[Exercise] Skip pictures in the listing below; copy exactly the lines from the one with "Jakarta Selatan –" through the one with "年初九经过陆川县城西主干道旁", inclusive.

[Records supplied]
==*==
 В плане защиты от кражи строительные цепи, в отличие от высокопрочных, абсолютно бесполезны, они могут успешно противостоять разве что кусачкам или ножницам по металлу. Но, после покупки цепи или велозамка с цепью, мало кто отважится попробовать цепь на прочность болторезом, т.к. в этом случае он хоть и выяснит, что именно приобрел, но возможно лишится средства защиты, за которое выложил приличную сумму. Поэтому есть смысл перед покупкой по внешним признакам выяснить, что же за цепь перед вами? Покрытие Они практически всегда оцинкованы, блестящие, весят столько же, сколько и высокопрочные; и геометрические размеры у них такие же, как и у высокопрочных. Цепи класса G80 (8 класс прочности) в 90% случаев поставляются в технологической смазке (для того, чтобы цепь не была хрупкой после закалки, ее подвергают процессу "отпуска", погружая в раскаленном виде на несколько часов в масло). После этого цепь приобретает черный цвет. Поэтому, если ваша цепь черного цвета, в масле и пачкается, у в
==*==
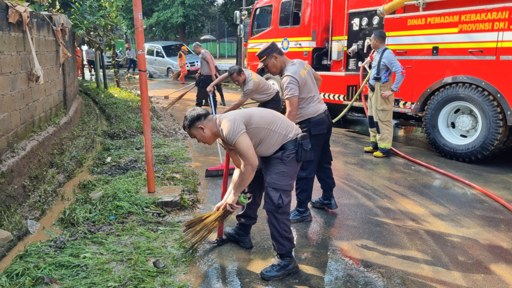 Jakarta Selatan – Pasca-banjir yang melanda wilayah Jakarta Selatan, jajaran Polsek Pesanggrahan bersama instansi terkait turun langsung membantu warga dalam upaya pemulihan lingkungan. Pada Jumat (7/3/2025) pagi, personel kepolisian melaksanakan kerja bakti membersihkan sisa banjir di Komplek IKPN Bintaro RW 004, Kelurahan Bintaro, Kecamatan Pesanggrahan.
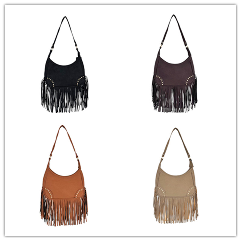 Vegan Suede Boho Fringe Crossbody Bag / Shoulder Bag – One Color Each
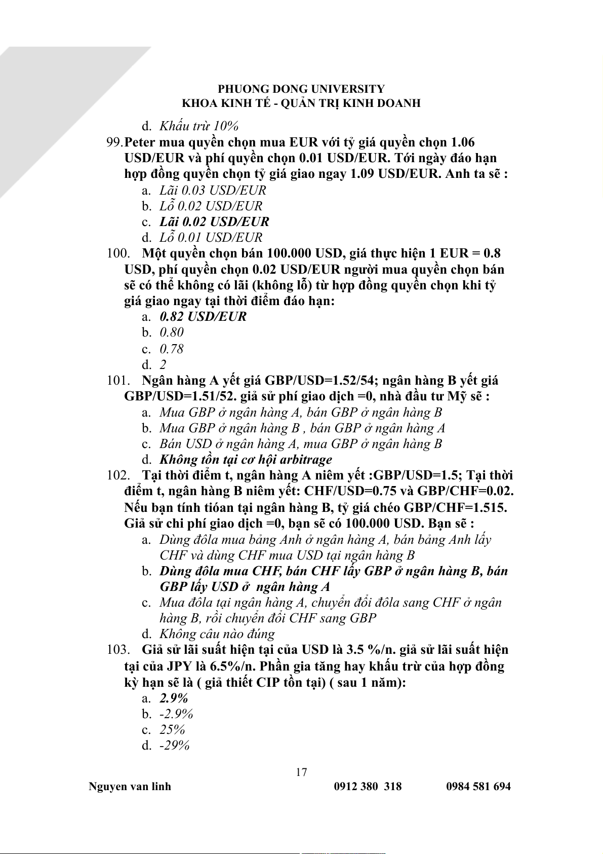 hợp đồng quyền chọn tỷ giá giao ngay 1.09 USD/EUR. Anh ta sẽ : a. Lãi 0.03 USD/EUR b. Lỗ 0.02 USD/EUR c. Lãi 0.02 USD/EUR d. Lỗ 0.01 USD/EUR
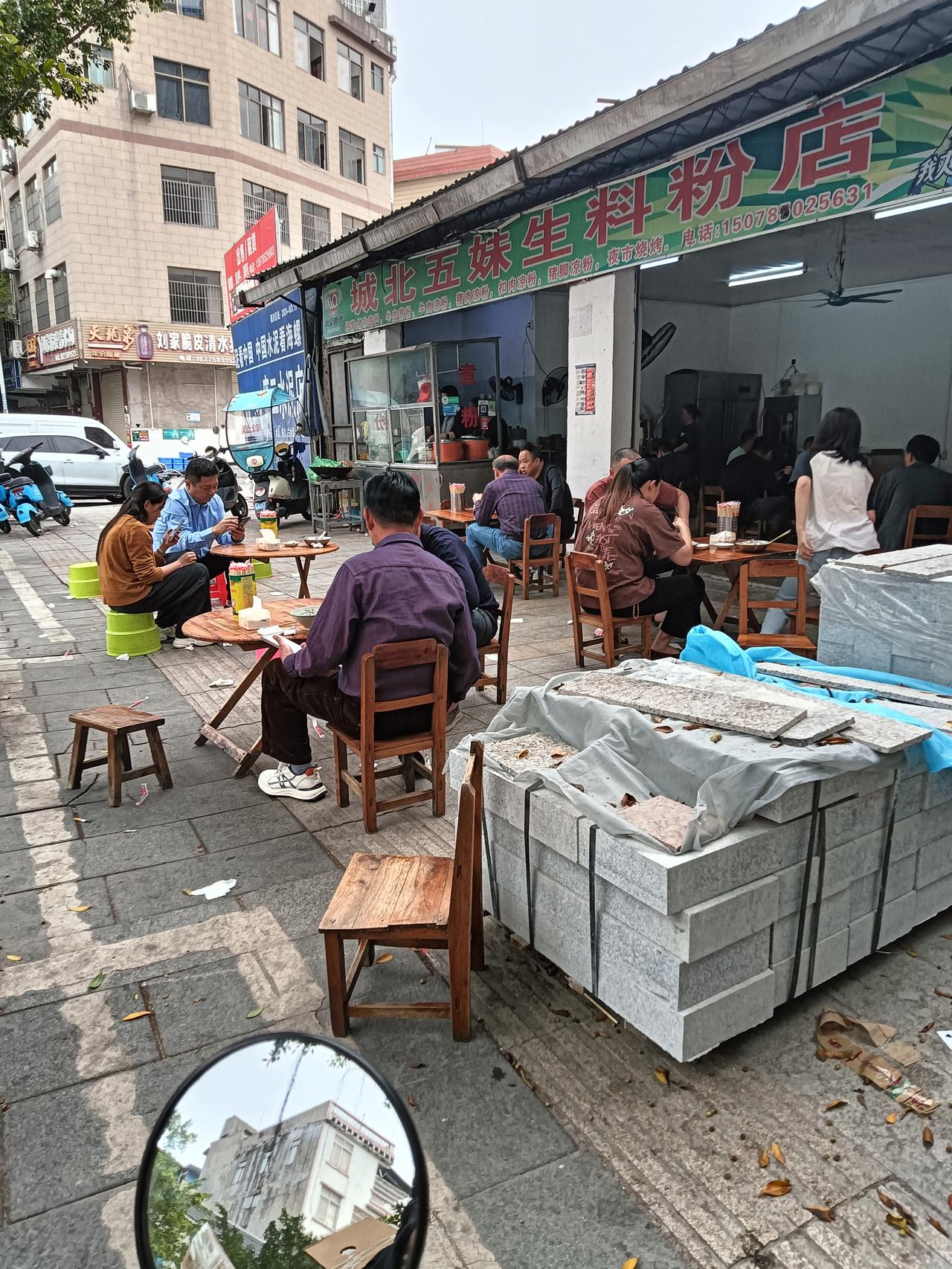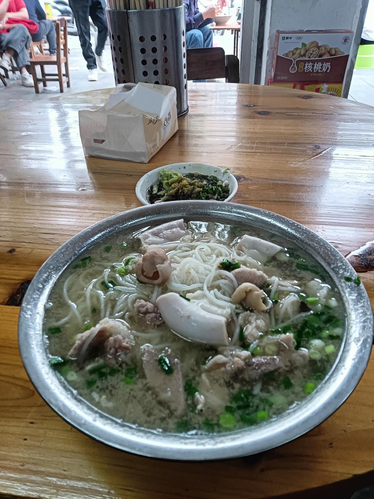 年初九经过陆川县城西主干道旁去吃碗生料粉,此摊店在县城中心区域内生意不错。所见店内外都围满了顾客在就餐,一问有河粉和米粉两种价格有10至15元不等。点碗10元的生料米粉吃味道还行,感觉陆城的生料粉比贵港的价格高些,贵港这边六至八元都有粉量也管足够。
==*==
[Result of the task]
 Jakarta Selatan – Pasca-banjir yang melanda wilayah Jakarta Selatan, jajaran Polsek Pesanggrahan bersama instansi terkait turun langsung membantu warga dalam upaya pemulihan lingkungan. Pada Jumat (7/3/2025) pagi, personel kepolisian melaksanakan kerja bakti membersihkan sisa banjir di Komplek IKPN Bintaro RW 004, Kelurahan Bintaro, Kecamatan Pesanggrahan.
 Vegan Suede Boho Fringe Crossbody Bag / Shoulder Bag – One Color Each
 hợp đồng quyền chọn tỷ giá giao ngay 1.09 USD/EUR. Anh ta sẽ : a. Lãi 0.03 USD/EUR b. Lỗ 0.02 USD/EUR c. Lãi 0.02 USD/EUR d. Lỗ 0.01 USD/EUR
 年初九经过陆川县城西主干道旁去吃碗生料粉,此摊店在县城中心区域内生意不错。所见店内外都围满了顾客在就餐,一问有河粉和米粉两种价格有10至15元不等。点碗10元的生料米粉吃味道还行,感觉陆城的生料粉比贵港的价格高些,贵港这边六至八元都有粉量也管足够。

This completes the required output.